The applicable information security and privacy controls vary across the lifecycle, and are described succinctly in the standard through a set of action-oriented statements (e.g. in the big data transmission stage, one control is to “check the integrity of the transmitted data”, with no further guidance about why that may be important nor how to do it). In effect, the standard is a generic checklist of suggested/potential controls to consider, adapt and adopt.

 

Status of the standard

The standard development project commenced in 2019 and reached Committee Draft stage before being halted due to the rebooting of the ISO/IEC 27045 project in 2023, returning to the Preliminary Work Item stage.  It is unlikely to surface now until 2025.

 

Personal comments

The definition of ‘big data’ in the draft standard did not (in my personal, rather jaundiced and cynical opinion) reflect its widespread use in the IT industry at present, mostly because of the vagueness of ‘extensive’ which is essentially synonymous with, and adds little clarity to, plain ‘big’.

Wikipedia is more helpful e.g.:

“Current usage of the term big data tends to refer to the use of predictive analytics, user behavior analytics, or certain other advanced data analytics methods that extract value from data, and seldom to a particular size of data set. "There is little doubt that the quantities of data now available are indeed large, but that's not the most relevant characteristic of this new data ecosystem." Analysis of data sets can find new correlations to "spot business trends, prevent diseases, combat crime and so on." Scientists, business executives, practitioners of medicine, advertising and governments alike regularly meet difficulties with large data-sets in areas including Internet searches, fintech, urban informatics, and business informatics. Scientists encounter limitations in e-Science work, including meteorology, genomics, connectomics, complex physics simulations, biology and environmental research.”
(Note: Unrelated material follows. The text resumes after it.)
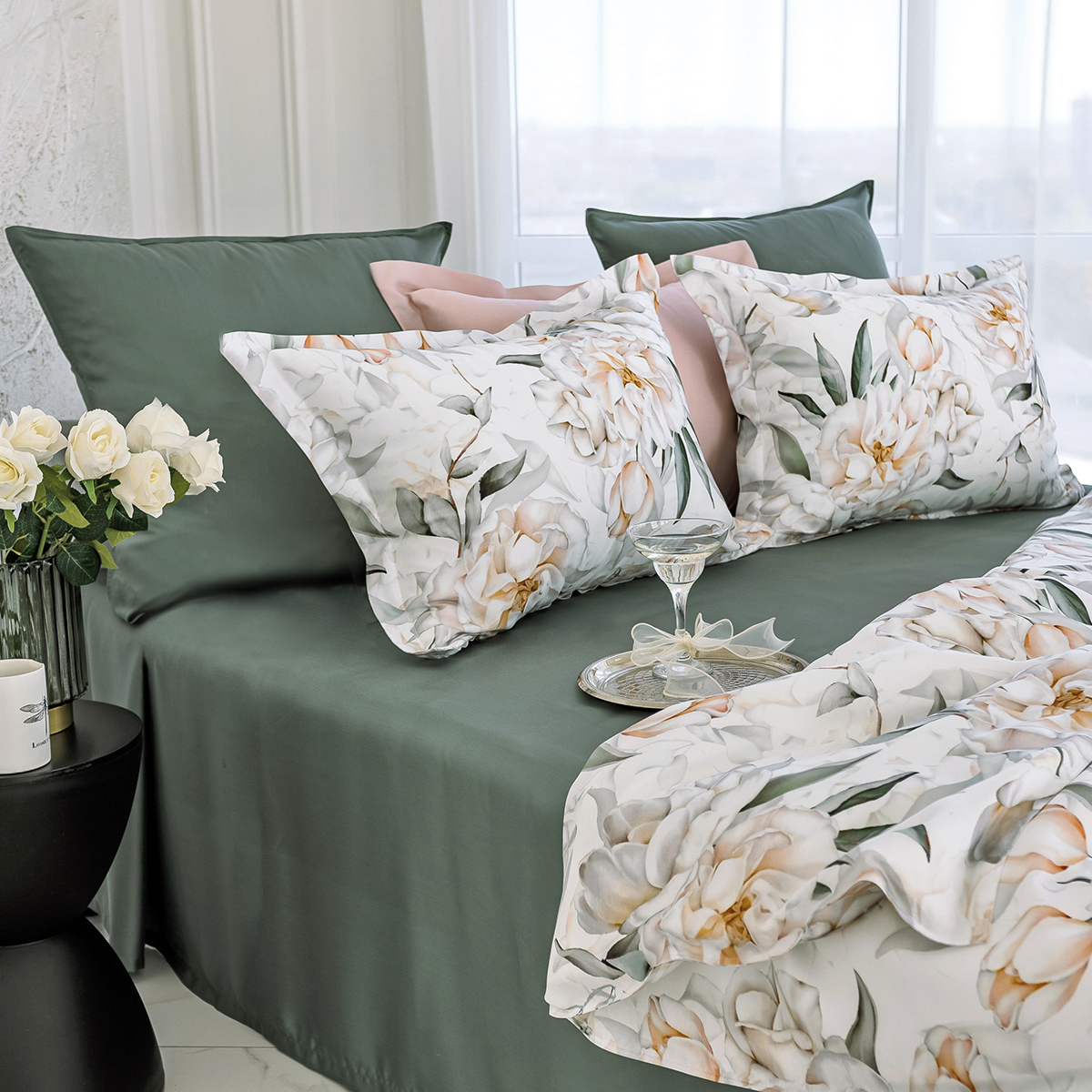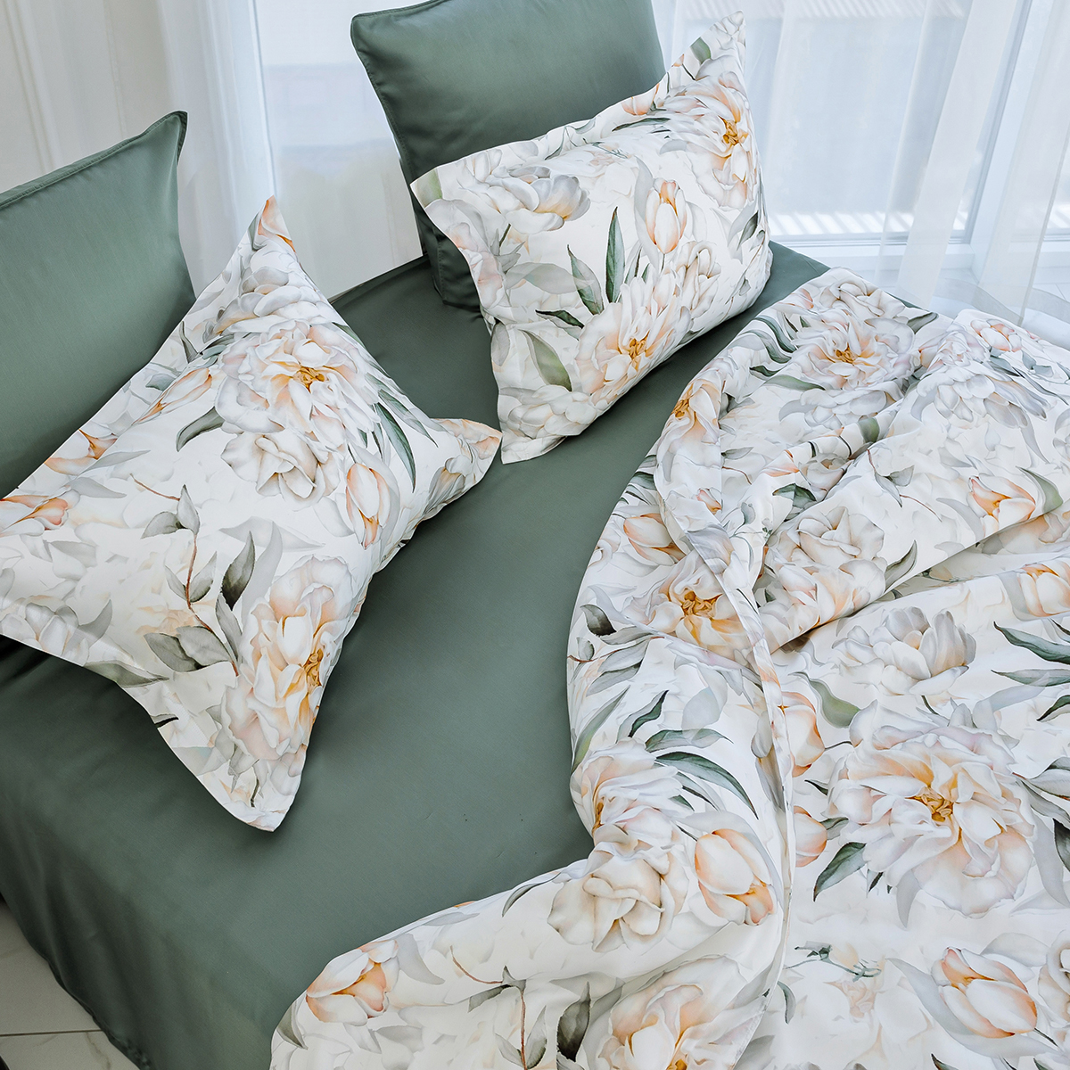 Мягкие переливы цвета пионов откроют в вашей спальне идеальные условия для комфортного сна и отдыха. Этот элегантный комплект сочетает в себе утонченность белого и естественность зелёного, наполняя пространство уютом и легкостью.
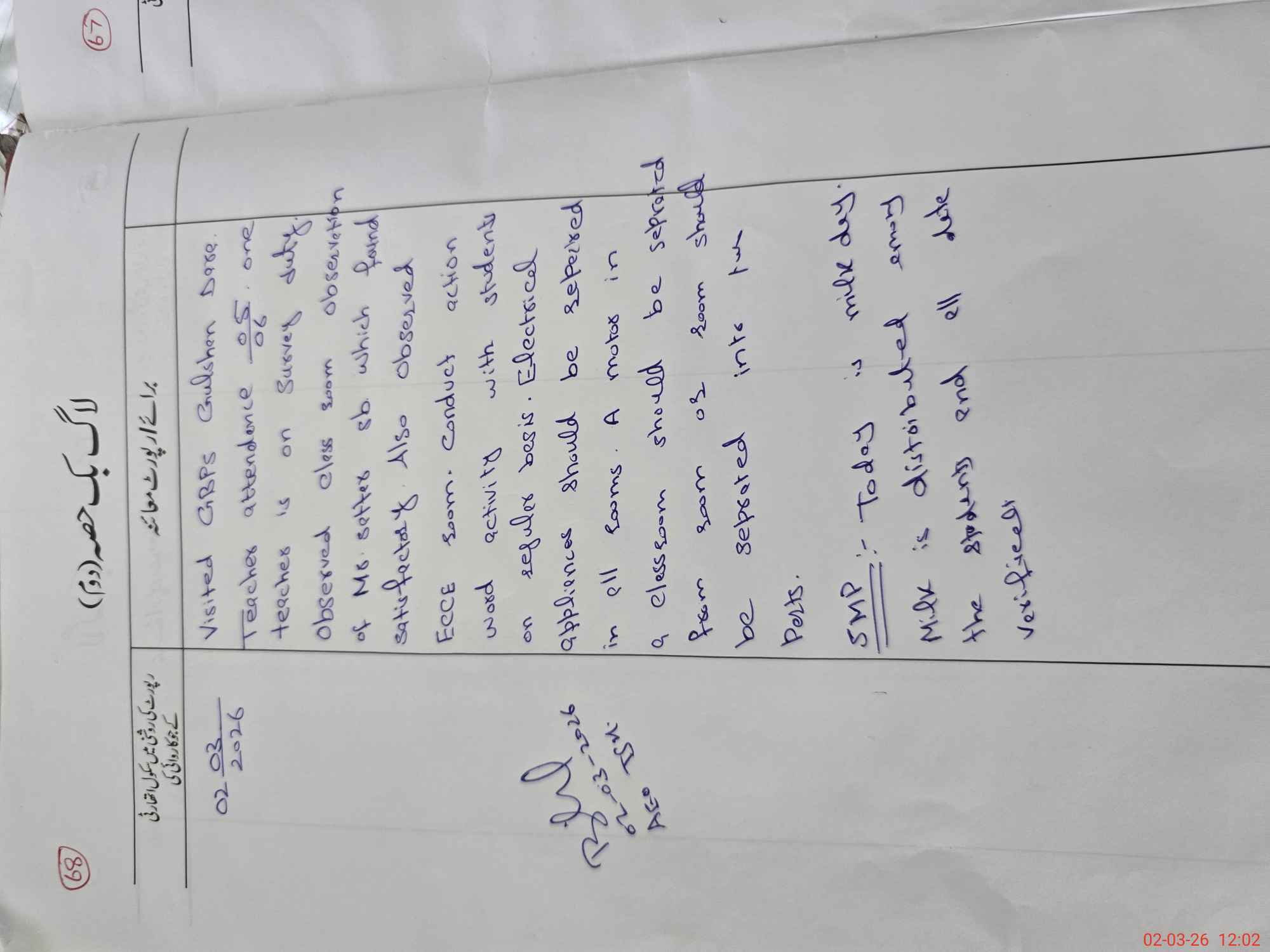 | Certified that this School was Inspected by the Undersigned MEA/DMO Today and the Information Stated Above is as Per Record. | |||||

For me, one of the defining characteristics of big data is that typical (mostly relational) database management systems struggle or are unable to cope with the complexity and dynamics/volatility of truly massive data sets. Beyond the limits of their scalability, conventional architectures experience constraints and failures, no matter how much raw CPU power is thrown at the problems. That implies the need for fundamentally different approaches and I rather suspect entails novel information risks and hence security/privacy controls. However, it remains to be seen what this standard will actually address in practice: this is cutting-edge stuff.

I’m not sure how this standard will differ from and add value to the existing standard ISO/IEC 20547-4:2020.

The draft standard is not explicitly risk-driven: as shown above with a big data transmission control example, it simply recommends a bunch of security and privacy controls without clarifying the “key challenges and [information] risks” they are intended to mitigate - hence users of the standard may not appreciate their relative importance and relevance to the business, or to relevant compliance obligations and conformity requirements.